▶ [WHAT YOU ARE ASKED TO DO]:
Copy exactly the lines of the data below, beginning with the line with "Setelah itu Anda" and ending with the line with "Twój antypoślizgowy klin". Pictures are to be omitted.

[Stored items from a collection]
--- START ---
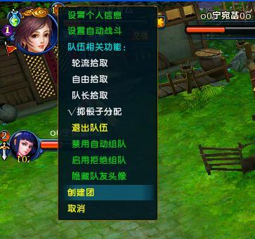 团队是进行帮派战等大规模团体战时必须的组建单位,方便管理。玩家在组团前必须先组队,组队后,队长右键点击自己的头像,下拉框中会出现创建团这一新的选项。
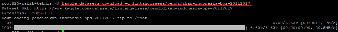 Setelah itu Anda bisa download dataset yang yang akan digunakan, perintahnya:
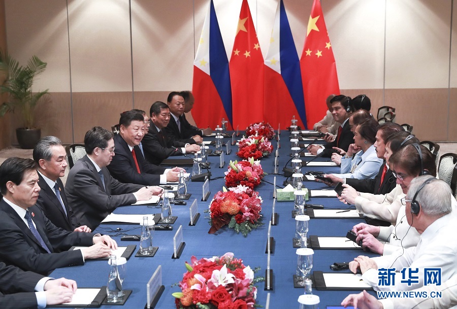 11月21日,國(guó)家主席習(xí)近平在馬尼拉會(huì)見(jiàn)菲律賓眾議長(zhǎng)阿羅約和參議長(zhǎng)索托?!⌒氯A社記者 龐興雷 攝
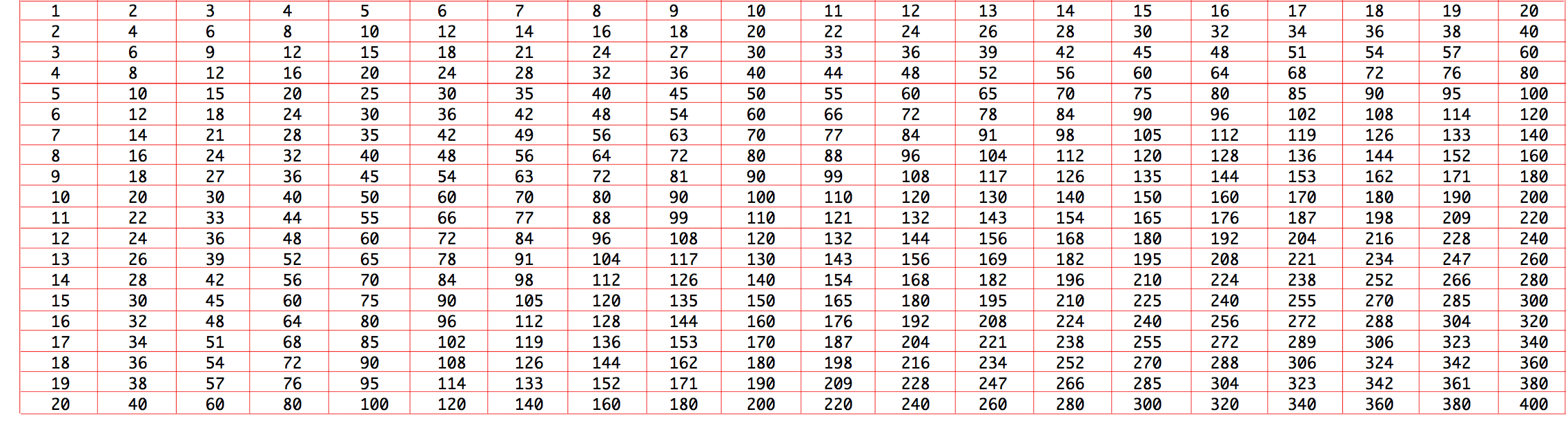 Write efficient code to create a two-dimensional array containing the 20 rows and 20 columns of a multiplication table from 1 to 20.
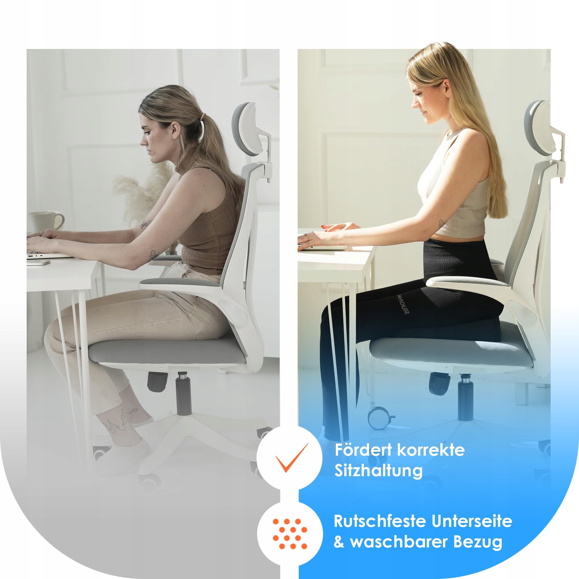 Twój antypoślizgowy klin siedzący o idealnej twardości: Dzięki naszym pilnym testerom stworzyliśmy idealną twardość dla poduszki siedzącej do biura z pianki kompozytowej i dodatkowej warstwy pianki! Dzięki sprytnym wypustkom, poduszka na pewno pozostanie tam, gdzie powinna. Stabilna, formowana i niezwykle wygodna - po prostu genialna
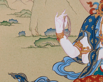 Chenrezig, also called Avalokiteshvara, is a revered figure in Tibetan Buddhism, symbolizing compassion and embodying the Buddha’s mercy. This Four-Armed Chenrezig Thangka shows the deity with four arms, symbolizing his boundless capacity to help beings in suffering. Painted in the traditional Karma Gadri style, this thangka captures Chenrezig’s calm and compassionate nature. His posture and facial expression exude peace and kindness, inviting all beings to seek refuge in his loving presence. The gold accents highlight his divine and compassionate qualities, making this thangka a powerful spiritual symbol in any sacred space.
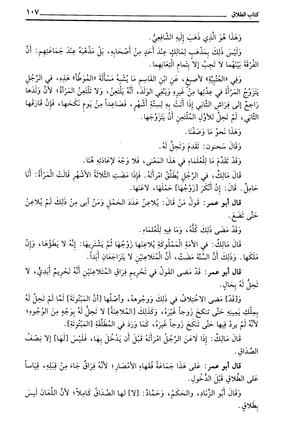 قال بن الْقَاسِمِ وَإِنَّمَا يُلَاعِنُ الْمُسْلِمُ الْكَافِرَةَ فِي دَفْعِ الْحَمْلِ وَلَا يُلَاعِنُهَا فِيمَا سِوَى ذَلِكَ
--- END ---
▶ [ANSWER TO THIS EXERCISE]:
 Setelah itu Anda bisa download dataset yang yang akan digunakan, perintahnya:
 11月21日,國(guó)家主席習(xí)近平在馬尼拉會(huì)見(jiàn)菲律賓眾議長(zhǎng)阿羅約和參議長(zhǎng)索托?!⌒氯A社記者 龐興雷 攝
 Write efficient code to create a two-dimensional array containing the 20 rows and 20 columns of a multiplication table from 1 to 20.
 Twój antypoślizgowy klin siedzący o idealnej twardości: Dzięki naszym pilnym testerom stworzyliśmy idealną twardość dla poduszki siedzącej do biura z pianki kompozytowej i dodatkowej warstwy pianki! Dzięki sprytnym wypustkom, poduszka na pewno pozostanie tam, gdzie powinna. Stabilna, formowana i niezwykle wygodna - po prostu genialna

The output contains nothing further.